Sağlık turizmi alanının son zamanlarda daha da öne çıkmasını, turizme bakış açısının değişmesine bağlayan İKÇÜ Turizm Rehberliği Bölüm Başkanı Prof. Dr. Zafer Öter de artık turizmde genelden özele, uzmanlaşmaya ve nitelikli yapıya geçmenin zorunlu hale geldiğini belirtti. Prof. Dr. Zafer Öter, “Bugün hem bakanlık hem de girişimciler sektördeki bu zorunluluğun farkındalar. Ortadoğu ve Kuzey Afrika Bölgesi ve Avrupa Birliği ülkeleri ülkemiz için sağlık turizmi alanında ciddi bir potansiyel haline geldi. İzmir de hastaneler için iklim ve termal kaynaklar olumlu. Hastaneler ve üniversiteler uygun personel, cihaz ve bina arzı sunabilmekte. İzmir’in tarihsel antik bağları var. Gastronomisi sağlık turizmini destekliyor. Kur farkı da turizmi avantajlı hale getiriyor. Öte yandan sağlık turizmine sadece para kazanma amaçlı bakmamak lazım. İnsan sağlığına yönelik bir müdahale olduğu için insani değerlerin paradan daha önemli olduğu konusu hep göz önünde tutulmalı. Ülkenin imajı ve sağlık hizmetinin kalitesi için çok hassas bir sektör” diye konuştu.

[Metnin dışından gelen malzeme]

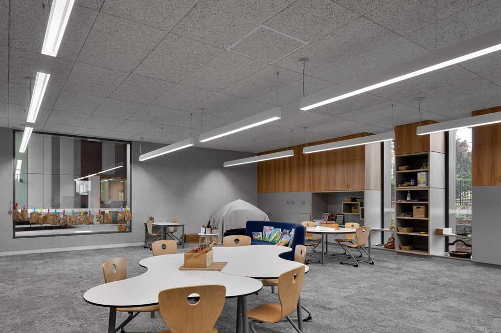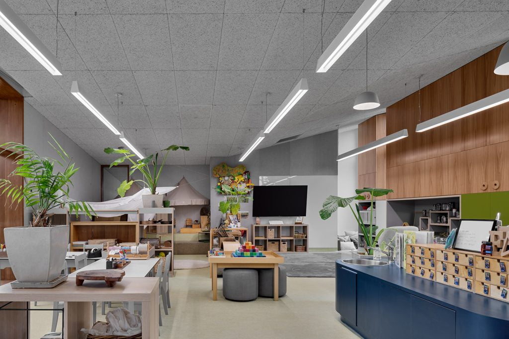 Working alongside the Wardle design team, including Chloe Lanser, Diego Bekinschtein and Jeff Arnold, DARKON was engaged to deliver a lighting solution to support their masterplan – and a quantity of 265 x MINI SKIRT SUS linear pendants at fixed lengths of 2m & 2.8m were used in an imaginative design response. The set out of the light fittings is designed to allow the many classrooms to be joined or separated as dictated by activities being conducted at the prestigious educational institution.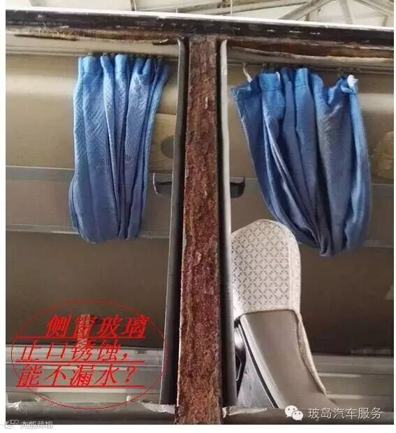 综上所述:客车生产厂家技术参差不齐,加上南方雨水多又靠近大海,沙板极易锈蚀,玻璃漏水是常态,只有早发现、早处理,特别是找专业维修厂对症下药,才不至于扩大损失(地板霉烂、内饰损坏),乃至影响营运。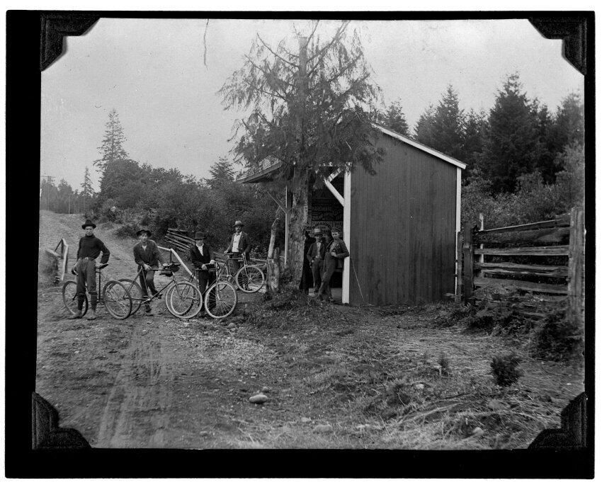 Negative, sheet film. 4 x 5 b&w. Members of bicycle club stop at a shelter advertising local businesses. Unknown location within Thurston County. No ID on men.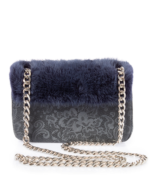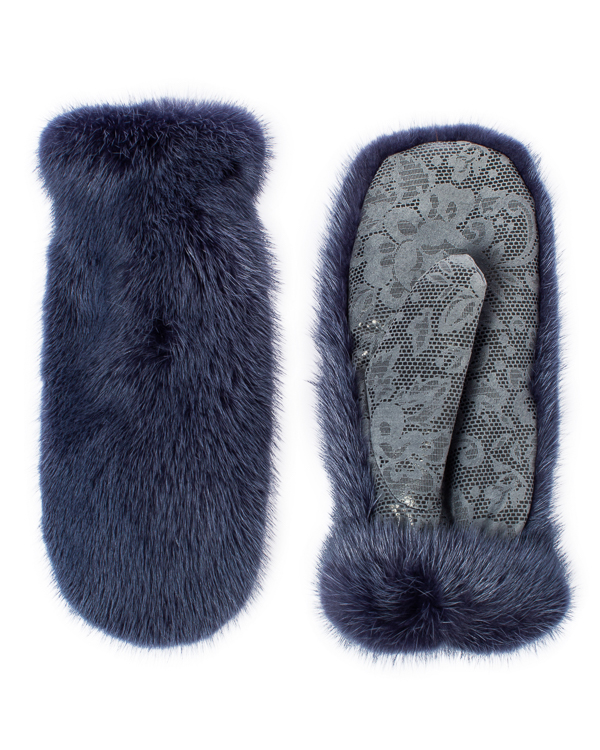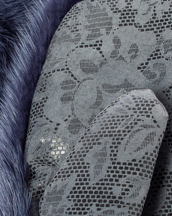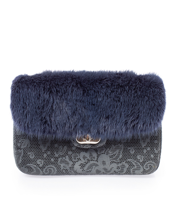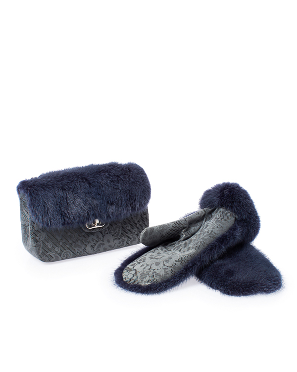 Комплект из сумки и варежек из кожи с узорной фактурой и отделкой натуральным мехом норки.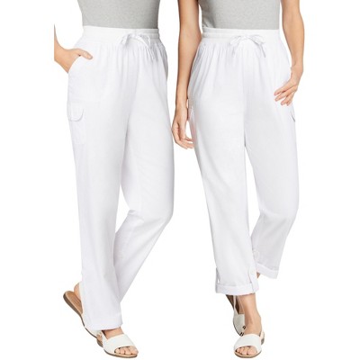 Lands' End Women's Sport Knit Elastic Waist Wide Leg Crop Pants - X Large - White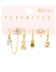 Fashion Gold Zirconia Geometric Kettle Candlestick Earring Set In Copper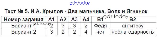 На страницах сайта gdz.today вы найдете учебный и вспомогательный материал, направленный на улучшения знаний школьной программы. ГДЗ - онлайн мир знаний Решение к тестам Тест №5. Два мальчика, Волк и Ягненок Контрольно-измерительным материалам (КИМ) по Литературе для 6 класса Королева ВАКО 2015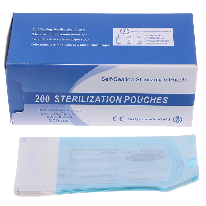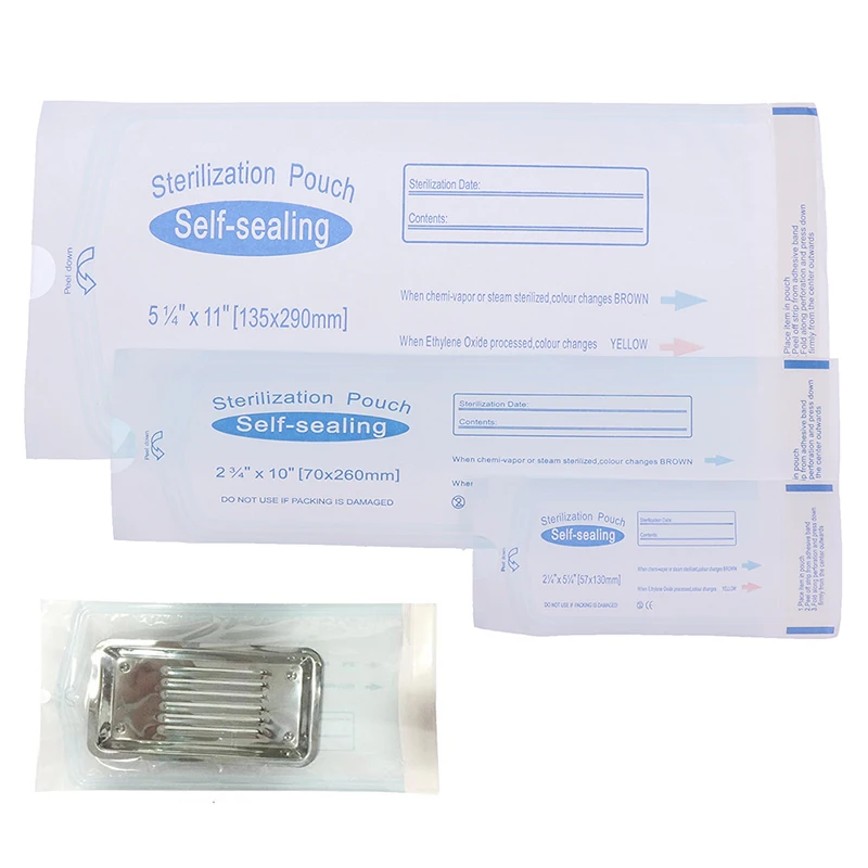 200 шт. в коробке; Размер сумки: Выберите из 7 вариантов размера; Самогерметизация, тройная герметизация для дополнительной прочности; Для использования в газовых, паровых и паровых стерилизаторах; Отлично подходит для использования в татуировках; Пирсинг; Ювелирные изделия для тела и стоматологические медицинские инструменты и оборудование.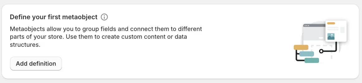 From your Shopify Admin, go to Settings > Custom data (or Metafields and metaobjects).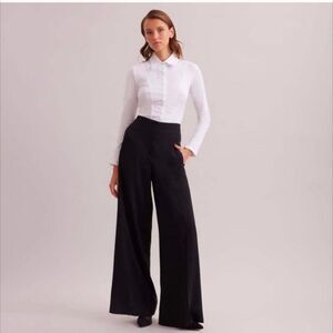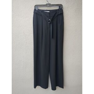 Anne Fontaine Lennon pants in women's size 36 (US size 2) are black maxi trousers made of fluid crepe fabric. They feature a high-rise waist with a pleated front and wide-leg style. The pants are belted, have pockets, and are wrinkle-resistant and breathable. They are suitable for wedding, party/cocktail, formal, and business occasions. The closure is a combination of zip and hook & eye. The inseam is 32 inches, and the waist size is 28 inches. The pants are machine washable. They are designed for a relaxed fit and are not vintage. The brand is Anne Fontaine, and the model is Anne Fontaine Lennon pants. The pants have a classic designer and old money theme.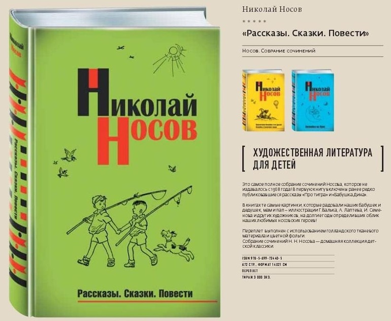 Рассказы Носова с иллюстрациями Валька и черно-белого Семенова давно не издавали, я уж отчаялась. Но жалко, что сборником, мне бы аналог книжки "Фантазеры" 1976 г.Содержание собрания сочинений 1968 г., с которого сделано переиздание:Т. 1. Рассказы. Сказки. Повести. 663 стр.Содерж.: В. Катаев. О Николае Носове. Рассказы и сказки. Мишкина каша. Телефон. Бенгальские огни. Тук-тук-тук. Огородники. Рис. Г. Валька. Приключения Толи Клюквина. Про Гену. Клякса. Федина задача. Находчивость. Наш каток. Замазка. Рис. И. Семенова. Фантазеры. Живая шляпа. На горке. Саша. Ступеньки. Метро. Огурцы. Прятки. Карасик. Автомобиль. Затейники. Заплатка. Леденец. Шурик у дедушки. Про репку. Милиционер. И я помогаю. Три охотника. Когда мы смеемся. Бобик в гостях у Барбоса. Под одной крышей. Рис. Г. Валька.Повести. Веселая семейка. Рис. И. Семенова. Дневник Коли Синицына. Рис. В. Ладягина. Витя Малеев в школе и дома. Рис. Г. Позина.Т 2. Рис. А. Лаптева. 1969. 496 стр.Содерж.: Приключения Незнайки и его друзей. Роман-сказка. Незнайка в Солнечном городе. (Роман-сказка в 2-х ч.).Т. 3. 1969. 544 стр.Содерж.: Незнайка на Луне. Роман-сказка в 4-х ч. Рис. Г. Валька.

“Sağlık turizmi o kadar hızlı bir ivme ile gelişiyor ki dünya genelinde her yıl yüzde 25 oranında büyüyor.” diyen İzmir Sağlık Turizmi Derneği (İZSATU) Başkanı Bülent Cinel de dünya nüfusunun yüzde 3 ile 4’ünün sınır aşıp tedavi olmak için diğer ülkelere gittiğini kaydetti. Cinel, “En fazla medikal turisti çeken ülke Amerika, İspanya ve Almanya şeklinde ilerliyor. Ülkemizin ilk 10 içerisinde yer aldığı söylense de elimizde bununla ilgili net bir istatistiki veri bulunmamaktadır. Turizm hareketi dünyada 3 trilyon dolarlık bir hacim, bunun 500 milyar dolarını sağlık turizmi kapsıyor. Sağlık turizminde başarıyı yakalayabilmek için hükümetin ve sahadaki arkadaşların, kamu ve özel sektörün bir araya gelmesi ve il politikaları oluşturması gerekmektedir. Bu politikalar oluşturulurken, süreçleri iyi tanımlamak, güvenilir olmak, sürdürülebilir olmak, marka değeri yaratmak ve denetlenebilir olmak gerekmektedir.” şeklinde konuştu.
Özel sektör temsilcisi panelistlerden Hakan Şen ise sağlık turizmi acentesi açılması ile ilgili bilgi verdi. “Sağlık turizmi alanında hizmet vermek istediğinizde A grubu seyahat acentesi belgesine sahip olmanız gerekmektedir.” diye konuşan Şen, “Uluslararası sağlık turizmi yetkisi belgesine sahip olan en az 3 klinik ile anlaşma yapmanız ve bu anlaşma dokümanlarını da başvuru formunuza eklemeniz gerekmektedir. Ayrıca kurduğunuz ofiste gelen çağrılara 7/24 cevap verebilecek ve çalışanların en az iki dil bildiği bir sistemi oluşturabilmek zorunludur. Ek olarak hastalarla ilgilenebilecek ve en az iki dil bilen 2 çalışana sahip olmak da gerekmektedir. Sağlık Bakanlığı en az 3 dilli bir web sitesi kurmanızı da istemektedir.” şeklinde sunumunu sonlandırdı.